• TASK MATERIAL
+ + + + + + +

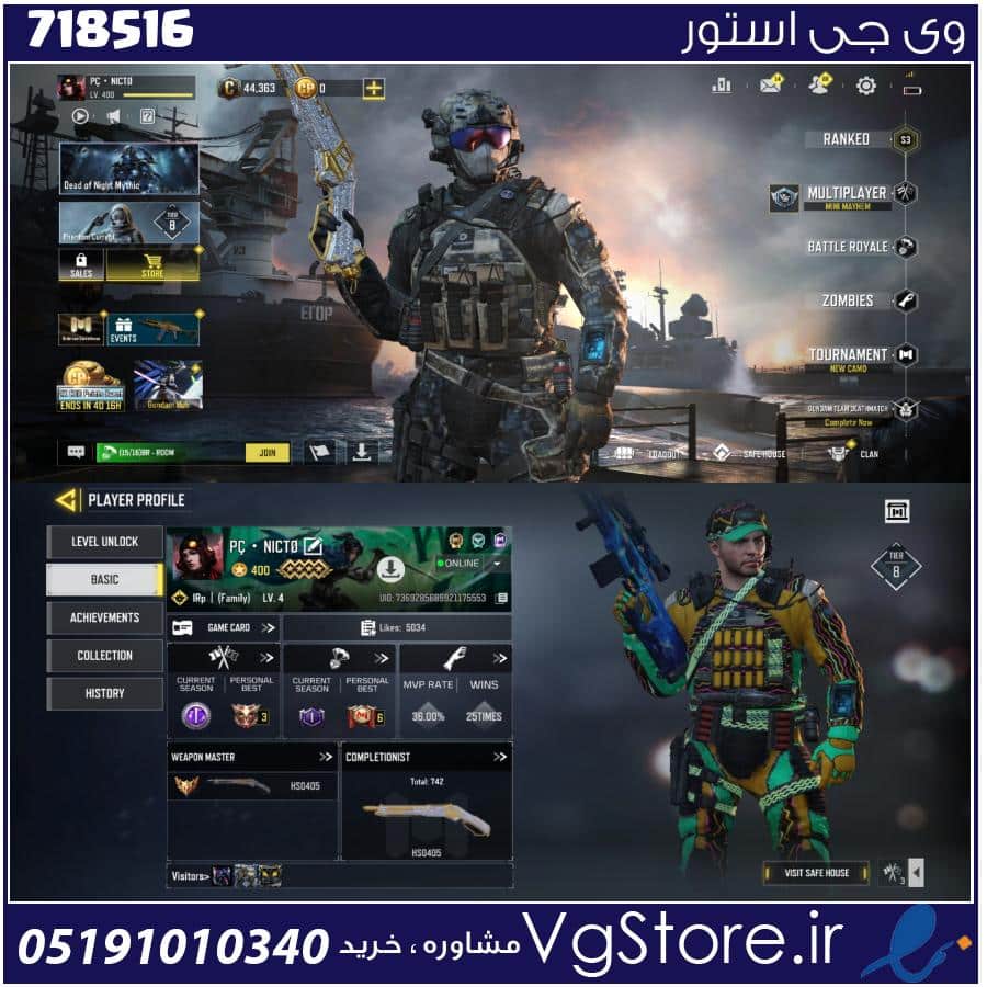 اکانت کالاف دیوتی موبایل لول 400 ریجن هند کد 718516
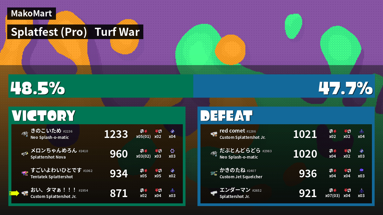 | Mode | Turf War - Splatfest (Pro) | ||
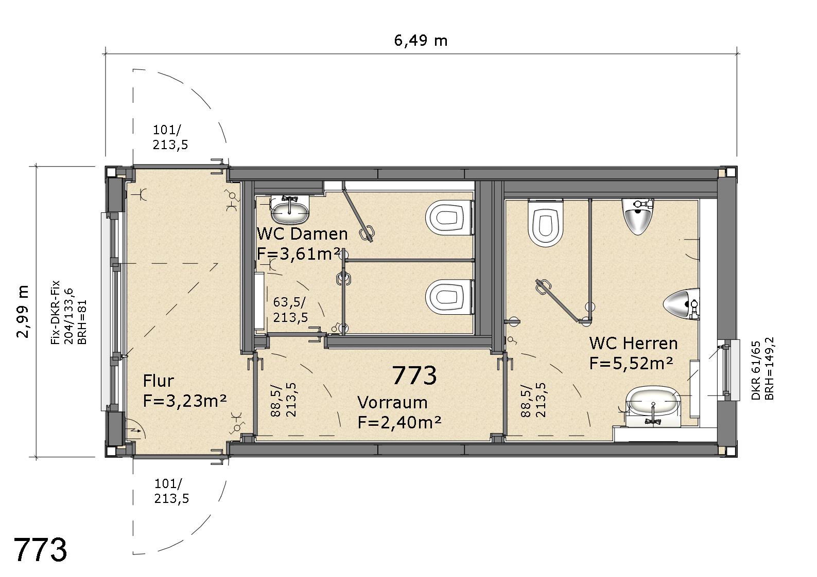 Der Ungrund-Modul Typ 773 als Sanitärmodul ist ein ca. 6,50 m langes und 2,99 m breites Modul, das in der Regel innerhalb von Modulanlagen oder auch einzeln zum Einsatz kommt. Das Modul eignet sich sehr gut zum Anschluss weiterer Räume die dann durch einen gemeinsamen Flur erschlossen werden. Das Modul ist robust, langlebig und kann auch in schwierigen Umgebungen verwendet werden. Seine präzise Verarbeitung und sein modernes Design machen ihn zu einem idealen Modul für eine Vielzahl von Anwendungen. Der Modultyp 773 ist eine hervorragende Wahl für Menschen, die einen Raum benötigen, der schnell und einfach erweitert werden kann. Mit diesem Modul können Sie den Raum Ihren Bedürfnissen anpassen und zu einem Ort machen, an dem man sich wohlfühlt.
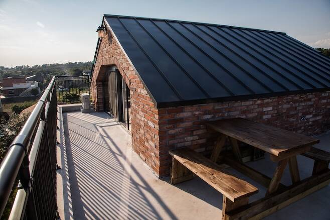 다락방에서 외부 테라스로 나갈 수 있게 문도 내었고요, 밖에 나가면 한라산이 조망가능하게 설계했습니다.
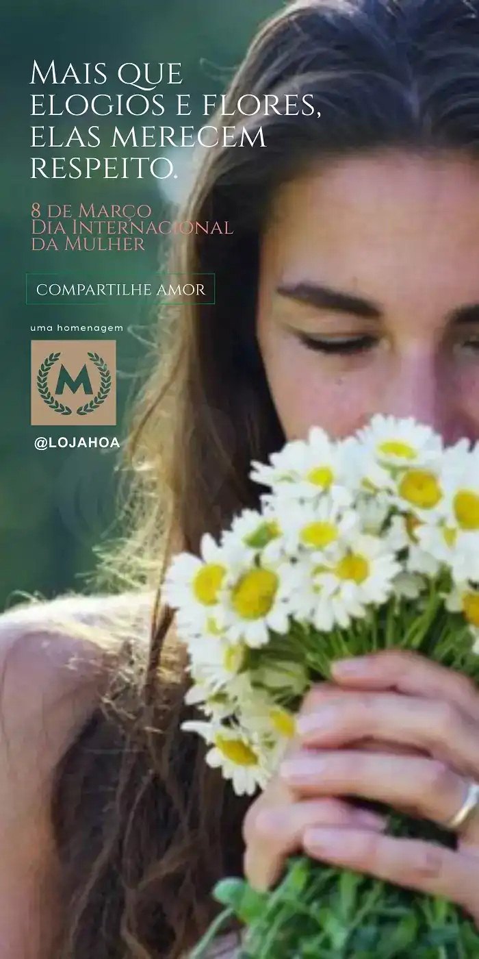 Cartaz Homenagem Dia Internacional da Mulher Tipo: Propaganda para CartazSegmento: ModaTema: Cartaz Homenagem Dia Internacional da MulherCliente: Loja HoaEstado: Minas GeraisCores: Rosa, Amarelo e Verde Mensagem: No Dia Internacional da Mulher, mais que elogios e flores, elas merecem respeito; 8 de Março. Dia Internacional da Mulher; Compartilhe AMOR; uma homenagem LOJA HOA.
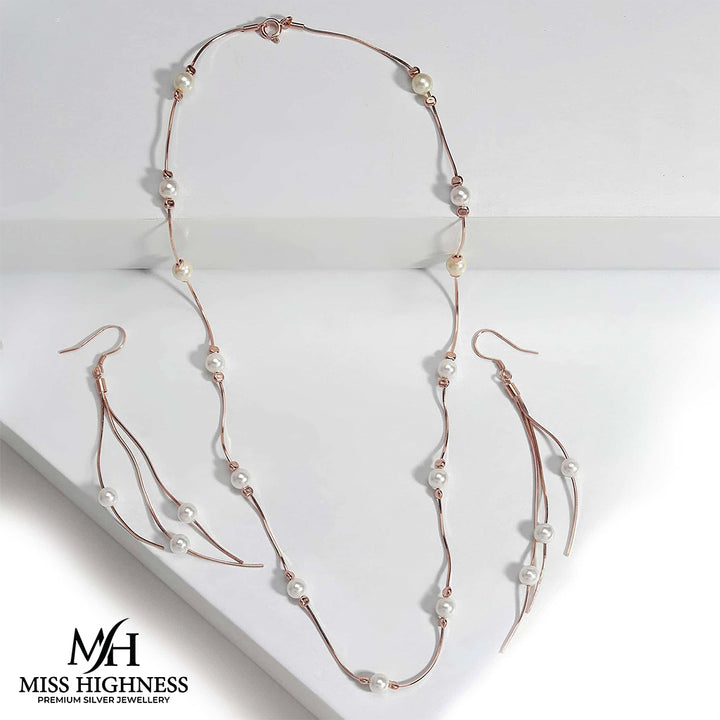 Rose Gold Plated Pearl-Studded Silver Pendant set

+ + + + + + +

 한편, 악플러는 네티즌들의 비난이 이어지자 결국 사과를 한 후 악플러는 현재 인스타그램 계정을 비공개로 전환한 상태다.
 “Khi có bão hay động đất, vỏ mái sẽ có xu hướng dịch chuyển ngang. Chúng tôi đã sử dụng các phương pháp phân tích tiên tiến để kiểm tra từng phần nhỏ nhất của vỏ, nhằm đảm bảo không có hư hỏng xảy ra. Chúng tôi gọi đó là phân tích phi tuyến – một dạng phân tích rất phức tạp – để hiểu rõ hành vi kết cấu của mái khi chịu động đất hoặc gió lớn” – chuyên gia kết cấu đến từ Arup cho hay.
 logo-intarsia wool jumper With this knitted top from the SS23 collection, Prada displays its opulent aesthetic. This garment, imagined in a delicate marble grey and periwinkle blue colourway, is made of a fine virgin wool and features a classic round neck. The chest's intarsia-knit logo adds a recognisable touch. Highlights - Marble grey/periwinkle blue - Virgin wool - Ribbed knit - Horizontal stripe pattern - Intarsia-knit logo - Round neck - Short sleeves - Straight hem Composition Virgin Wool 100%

+ + + + + + +

• WHAT TO DO
Starting at the line containing "Cartaz Homenagem Dia Internacional da Mulher Tipo: Propaganda" and stopping at the line containing "Rose Gold Plated", output every line above exactly, both ends included, with pictures omitted.

• WRITTEN RESPONSE
 Cartaz Homenagem Dia Internacional da Mulher Tipo: Propaganda para CartazSegmento: ModaTema: Cartaz Homenagem Dia Internacional da MulherCliente: Loja HoaEstado: Minas GeraisCores: Rosa, Amarelo e Verde Mensagem: No Dia Internacional da Mulher, mais que elogios e flores, elas merecem respeito; 8 de Março. Dia Internacional da Mulher; Compartilhe AMOR; uma homenagem LOJA HOA.
 Rose Gold Plated Pearl-Studded Silver Pendant set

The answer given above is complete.